Musimy cofnąć się aż do połowy XIX w. To wtedy, a dokładnie w roku 1850, kopiąc studnie pełniącą funkcję poidła dla bydła, natrafiono niedaleko dworu w Lipinkach na obfite pokłady ropy naftowej. Hrabina Jadwiga Straszewska, właścicielka Lipinek, nie przeszła wobec tego odkrycia obojętnie. Zainicjowała poszukiwania ropy naftowej w innych miejscach Lipinek i wpadła na pomysł eksploatacji odnalezionych złóż , które okazały się bardzo bogate.

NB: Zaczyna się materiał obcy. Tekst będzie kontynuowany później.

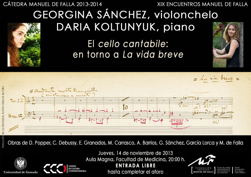 CÁTEDRA MANUEL DE FALLA - DOSSIER DE PRENSA XIX Ciclo de Música de Cámara Georgina Sánchez Torres, violonchelo Daria Koltunyuk, piano “EL CELLO CANTABILE: EN TORNO A LA VIDA BREVE” En el marco de los XIX Encuentros Manuel de Falla Organizan: Cátedra Manuel de Falla / Centro de Cultura Contemporánea / Vicerrectorado de Extensión Universitaria y Deporte / Universidad de Granada / Fundación Archivo Manuel de Falla / Centro de Estudios patrocinado por el Ayuntamiento de Granada Fecha: Jueves, 14 de noviembre de 2013 Lugar: Aula Magna Facultad de Medicina Hora: 20,00 h. ENTRADA LIBRE hasta completar el aforo Dossier de prensa Cartel

W 1854 roku powstała pierwsza kopanka o nazwie „Anna”, czyli głęboka studnia, z której ropę naftową czerpało się przy pomocy kołowrotu i wiadra. Z czasem przemysł naftowy Ziemi Lipińskiej, zręcznie kierowany przez przedsiębiorczą hrabinę Straszewską, rozbudowuje się na wielką skalę. W latach 1856-1860 Jadwiga Straszewska wybudowała w Lipinkach rafinerię, w której między innymi produkowano parafinę eksportowaną do Anglii, Belgii, Holandii, Niemiec, Szwecji i Francji. Aż do swojej śmierci w 1903 roku hrabina Straszewska stała się udziałowcem wielu spółek naftowych.

Okolice Lipinek przez następne ponad sto lat wzbogaciły się o ponad 600 otworów kopanych i wierconych. Dziś po dawnej świetności pozostały tylko ślady. Funkcjonuje jeszcze Kopalnia „Lipa”, a w krajobrazie Ziemi Lipińskiej nadal charakterystycznym elementem pozostają liczne trojaki i … kiwony rozsiane po okolicznych polach i łąkach. Kiwony to po prostu żurawie pompowe, czyli pompy służące do opróżniania złóż naftowych o niskim ciśnieniu. Swą uroczą nazwę zawdzięczają charakterystycznemu ruchowi, a samo urządzenie napędzane jest tzw. kieratem.